Quoi qu’il en soit, au niveau des enseignants-chercheurs,  le problème est encore loin d’être résolu. En effet, après l’ultimatum de 72 heures, le Syndicat des enseignants-chercheurs et chercheurs-enseignants (Seces) Antananarivo entre dans sa prochaine étape de revendication. A ce titre, à l’issue de son assemblée générale d’hier, il a pris la décision d’observer une grève illimitée. Conséquence directe de cette décision, tous les cours seront suspendus jusqu’à nouvel ordre.

 Pour rappel, lors du face-à-face entre les sénateurs et le gouvernement, le président du Sénat, Rivo Rakotovao, avait déjà averti ses anciens collègues du gouvernement.

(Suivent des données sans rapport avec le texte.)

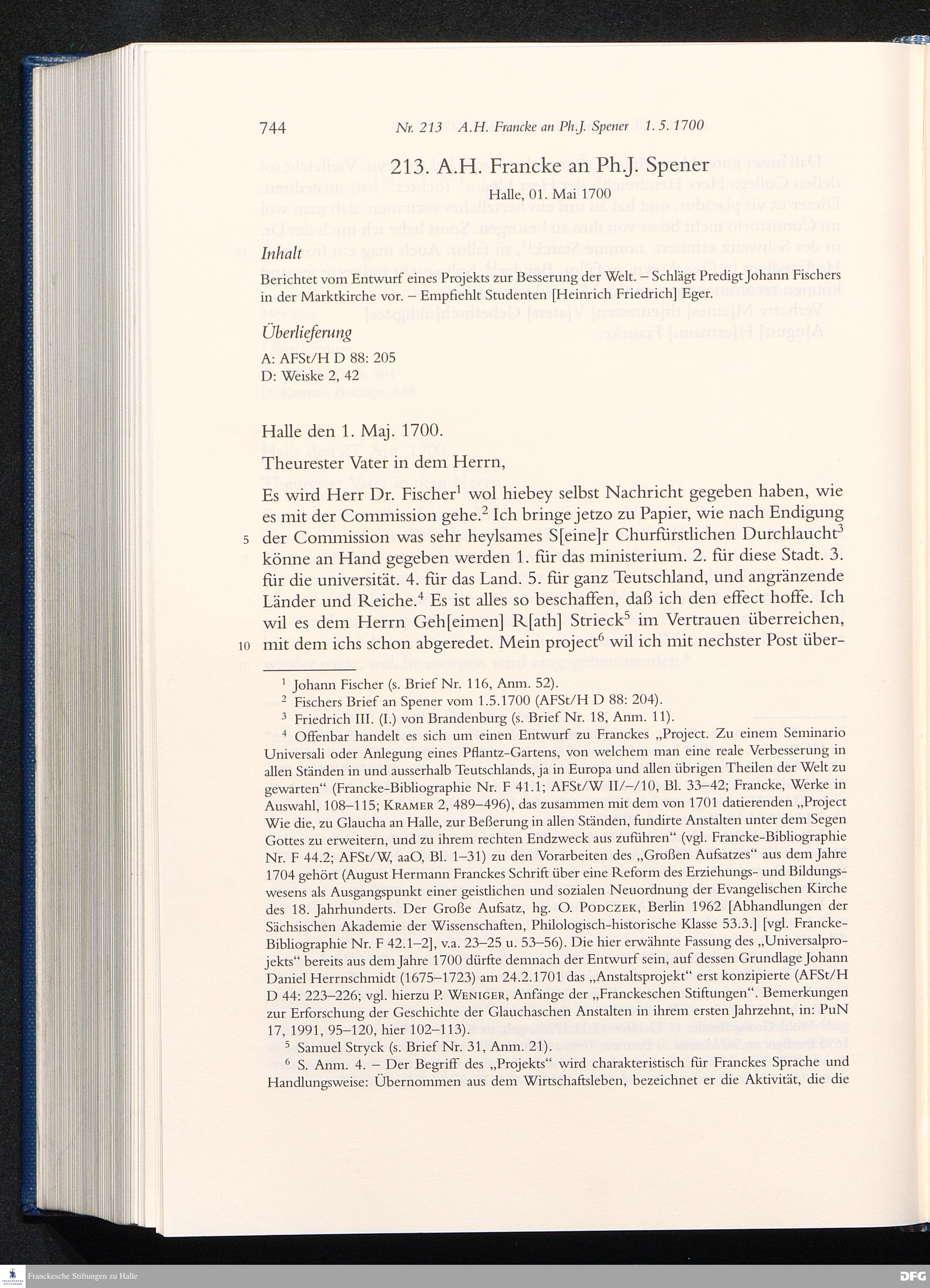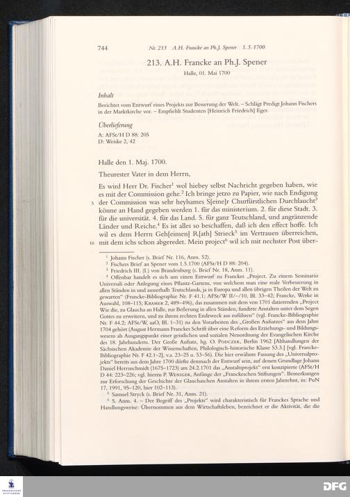 Nr. 213 A. H. Francke an Ph. J. Spener 01.05.1700
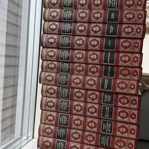 Bøkene har et klassisk utseende med skinnbind og framstår som nye.
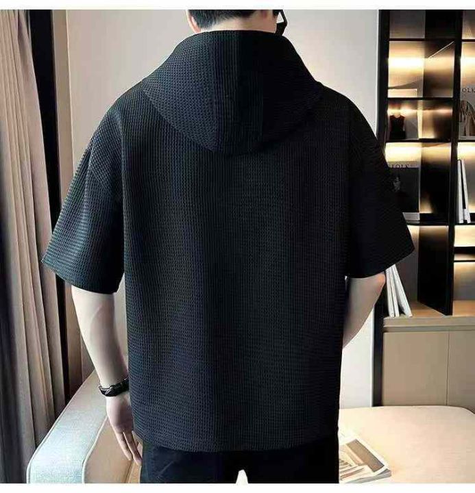 男士新款弹力高级感夏季小众设计师款百搭宽松显瘦连帽...
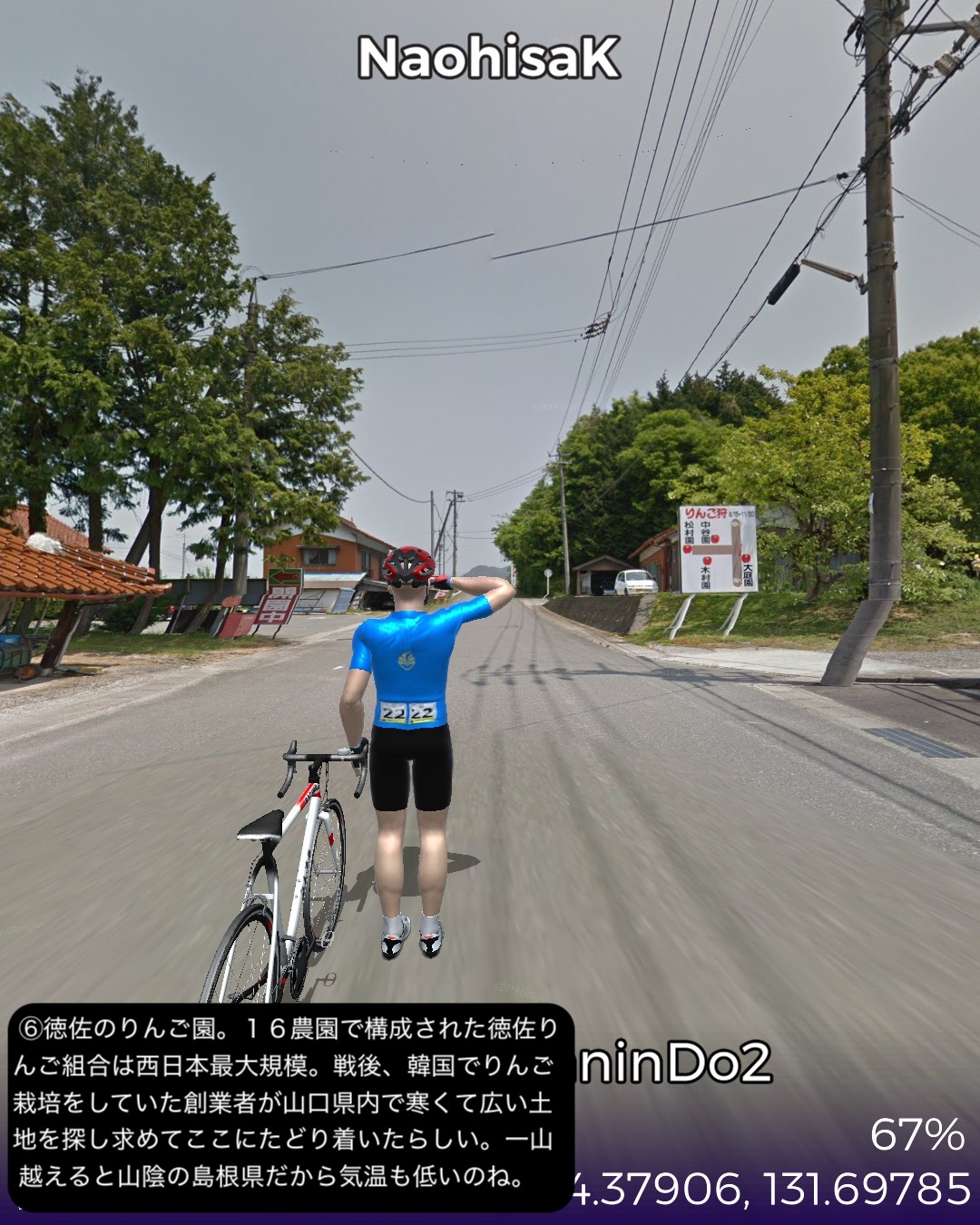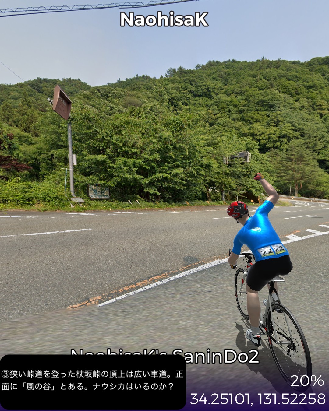 VRサイクリング、石見銀山街道で石見銀山まで到達した後は広島方…

Il avait alors invité le ministre du Commerce et de la consommation ainsi que le ministre de l’Enseignement supérieur et de la recherche scientifique à apaiser les foyers de tension dans leur département respectif. «Nous allons entrer dans une période électorale l’année prochaine (…). Nous devons prendre en compte les secteurs là où il peut y avoir des foyers de tension, comme c’est le cas au sein de l’enseignement supérieur», avait-il alors indiqué. Une semaine plus tard, les enseignants-chercheurs décrètent une grève illimitée. C’est dire que les appels, de part et d’autre, n’ont peut-être pas été entendus.